Barring economic meltdowns and mutiny in the eleven states where the governor’s seat is up for election, it’s likely that other forces will drive state legislation this year. Ferreting out what they are and predicting what legislation we will see in the coming year are daunting tasks. However, one’s chances of accurately predicting what lies ahead can often be improved by examining past legislative trends. Hence a brief look back at the past twenty years is worthwhile.

Looking Back

Early in the twenty-first century, state taxing authorities were still preoccupied with closing down intercompany licensing and lending practices that generated tax benefits through increased deductions to the tax base.
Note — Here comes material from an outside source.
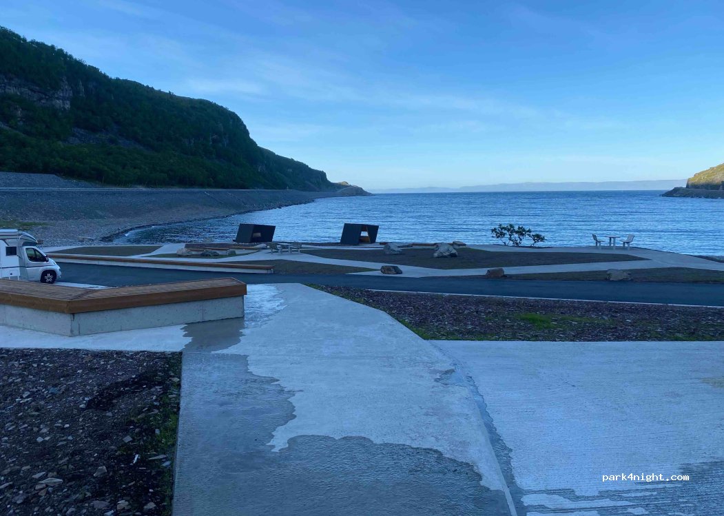 Abbiamo trovato questa area apposita per sosta camper semplicemente perfetta. Tutto nuovissimo. Piazzole grandi con spazi adiacenti da lasciare liberi per avere spazio di manovra intorno al camper (come nei campeggi!). Bagni pubblici puliti. Il tutto in riva a un fiordo. Ci sono panchine coperte per ammirare il paesaggio e anche dei bracieri per fare il fuoco. Difficile trovare posti migliori.

The states attacked these perceived gratuitous planning schemes in three ways: 1) states enacted economic nexus provisions to impose tax on the affiliated member in the group that was recognizing the income (e.g., licensing revenue or interest income);3 2) states enacted expense add-back provisions designed to deny the deductibility of certain purely intercompany transactions (e.g., intercompany loans of funds with no infusion of funds from third-party lenders);4 and 3) states enacted combined or unitary filing regimes to solve the problem more simply and assuredly through the principles of intercompany eliminations.5

Then we witnessed a shift in strategy whereby states went on the offensive. To encourage in-state businesses to stay and expand their operations, states began to enact statutes that shifted the burden of taxation historically borne by in-state companies to out-of-state companies. States largely accomplished this by enacting factor presence nexus standards, single sales factor apportionment, and market-based sourcing.

These laws passed in state legislatures with relative ease as they shifted the burden of taxation to out-of-state companies which, coincidentally, were not part of the states’ electorate. Further fueling the widespread adoption of these strategies was what we’ll call “state paranoia” or the “lemming effect.” In short, states often looked to neighboring states’ tax policies to ensure that they were keeping competitive, or at least not being left behind. Hence, by the end of 2019, nearly thirty states had enacted some form of economic nexus law, thirty-five states had enacted single sales factor methodologies, and twenty-five states enacted market-based sourcing provisions.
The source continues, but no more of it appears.